Defendant moved to set aside the judgment under the provisions of section 473 of the Code of Civil Procedure on the grounds that the judgment was taken against him through mistake, inadvertence, surprise and excusable neglect; that the judgment was based upon inadequate publication of the summons and that the order for publication was not sufficiently supported by affidavit. The motion was heard upon affidavits, the pleadings and records in the action and a minute order was entered setting aside the default, granting the motion to strike and allowing the plaintiff 10 days to amend. Plaintiff appeals from the minute order.

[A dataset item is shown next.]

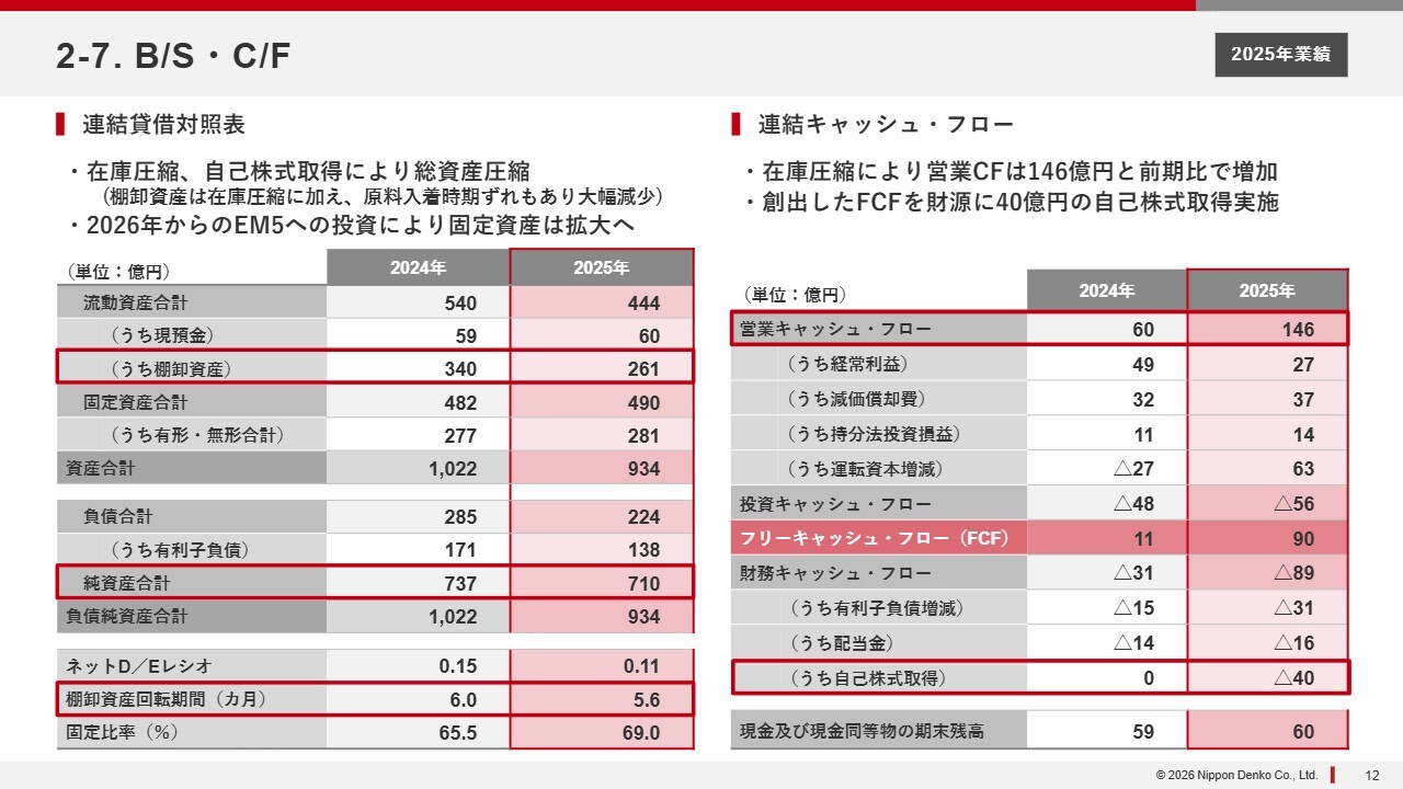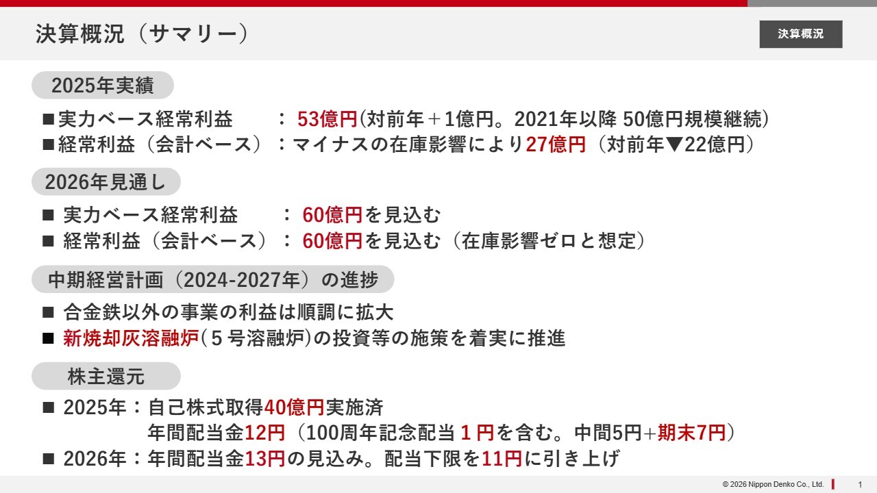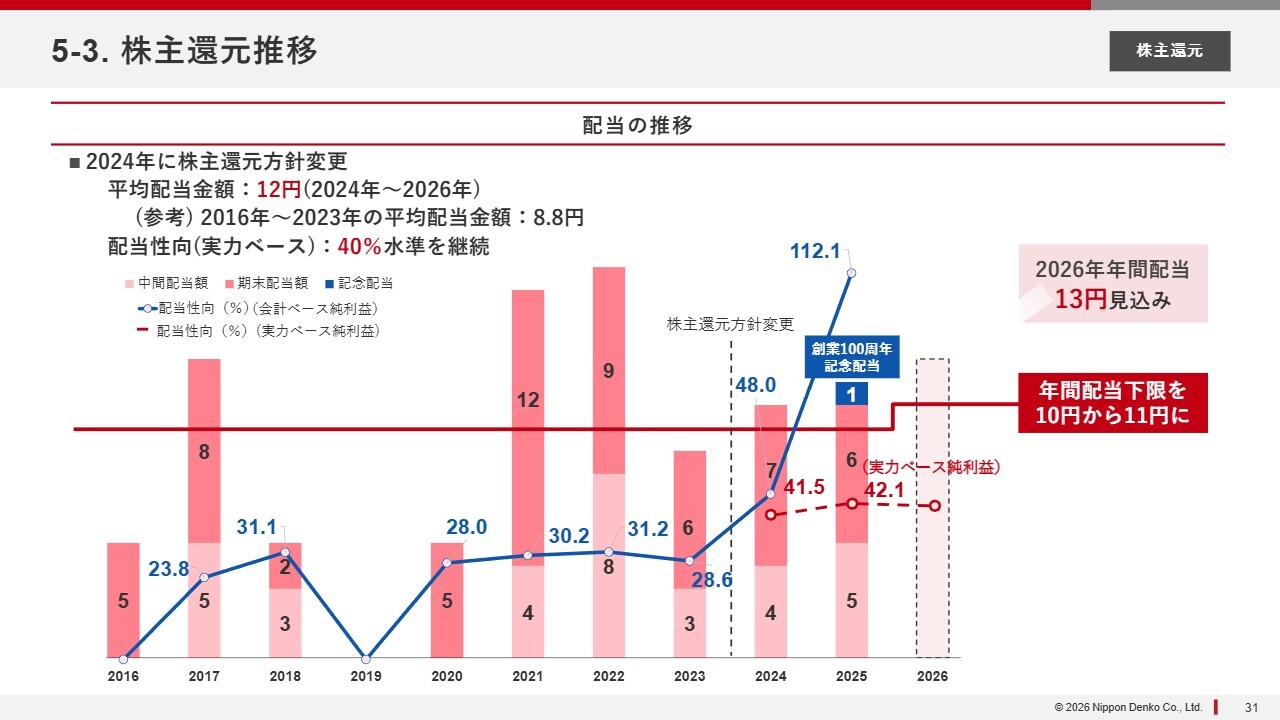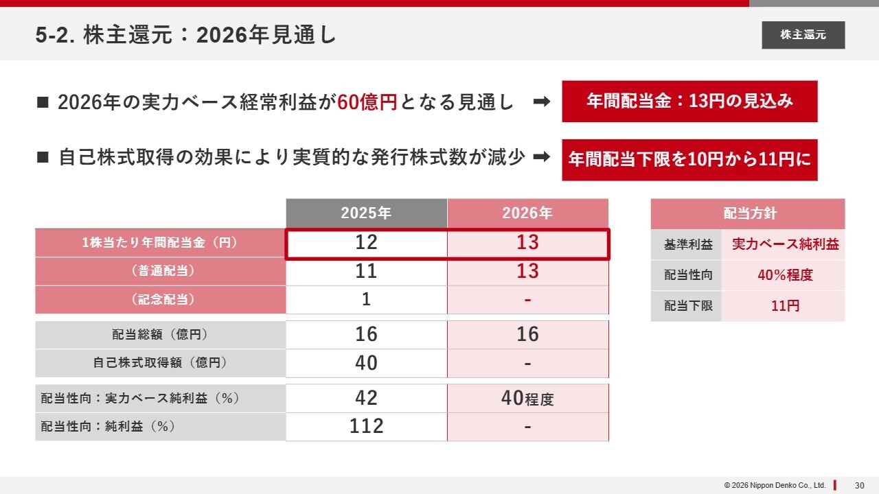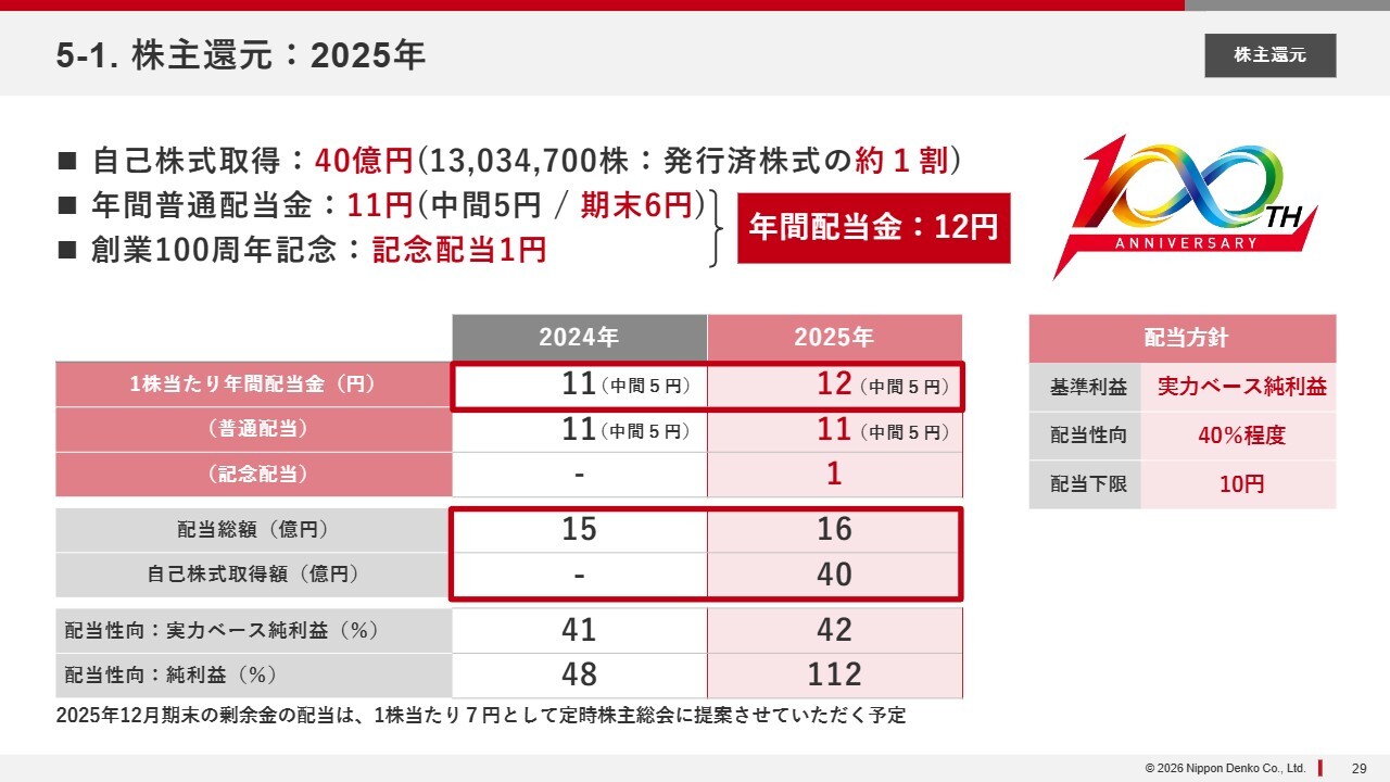 また、2025年の年間配当金を12円と確定しました。これは、中間配当5円に対し、期末配当7円という内訳で、2025年の創業100周年を記念し、記念配当の1円を含む12円というかたちで決定しました。2026年の年間配当金については、60億円が前提のため13円としています。

Plaintiff and defendant entered into a written agreement whereby the premises involved in this matter were leased to the defendant for a period of three years beginning October 1, 1943, with an option for two additional years at a rental of [897]$75 per month. The option was exercised, and in the fall of 1947, while defendant was in possession of the premises under the lease, he made inquiry of one J. C. McCormick, who was the secretary and treasurer of the plaintiff corporation, as to whether the .lease would be renewed and if so, the amount of the increase, if any, in the rental. After contacting the other officers of the corporation, Mr. McCormick informed the defendant that the corporation would renew the tenancy under the same terms and conditions as contained in the lease then in existence, with an increase in the rental of not more than $25 per month. The defendant then, in anticipation of a renewal of the lease, installed various improvements on the premises at a cost to him of approximately $1,000. Shortly thereafter, Mr. McCormick, with whom defendant had dealt, severed his connection with the company and in the first part of August, 1948, defendant was informed by the successor of Mr. McCormick that the tenancy would not be renewed and that the premises had been leased to other persons. The defendant then consulted his attorneys, who wrote to the attorney for the plaintiff corporation informing him of the agreement made with Mr. McCormick and the defendant’s reliance thereon. A cashier’s cheek in the sum of $75 was enclosed in the letter to be applied on account of the rental of said premises. Plaintiff’s attorney denied the existence of any agreement between defendant and McCormick and on September 29, 1948, advised the attorneys for the defendant that prompt action would be taken to institute an unlawful detainer action in the event the defendant did not vacate the premises by September 30, 1948.